Chiral-Flux-Phase-Based Topological Superconductivity in Kagome Systems with Mixed Edge Chiralities

Abstract: Recent studies have attracted intense attention on the quasi-2D kagome superconductors $ A\text{V}_3\text{Sb}_5 $ ($ A = $ K, Rb, and Cs) where the unexpected chiral flux phase (CFP) associates with the spontaneous time-reversal symmetry breaking in charge density wave (CDW) states. Here, commencing from the 2-by-2 CDW phases, we bridge the gap between topological superconductivity (TSC) and time-reversal asymmetric CFP in kagome systems.

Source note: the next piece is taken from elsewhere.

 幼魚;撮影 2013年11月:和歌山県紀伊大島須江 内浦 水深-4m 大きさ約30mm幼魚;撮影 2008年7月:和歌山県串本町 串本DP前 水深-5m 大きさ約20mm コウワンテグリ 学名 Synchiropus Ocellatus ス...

Several chiral TSC states featuring distinct Chern numbers emerge for an s-wave or a d-wave superconducting pairing symmetry. Importantly, these CFP-based TSC phases possess unique gapless edge modes with mixed chiralities (i.e., both positive and negative chiralities), but with the net chiralities consistent with the Bogoliubov-de Gennes Chern numbers. We further study the transport properties of a two-terminal junction, using Chern insulator or normal metal leads via atomic Green's function method with Landauer-B\"uttiker formalism. In both cases, the normal electron tunneling and the crossed Andreev reflection oscillate as the chemical potential changes, but together contribute to plateau transmissions (1 and 3/2, respectively). These behaviors can be regarded as the signature of a topological superconductor hosting edge states with mixed chiralities.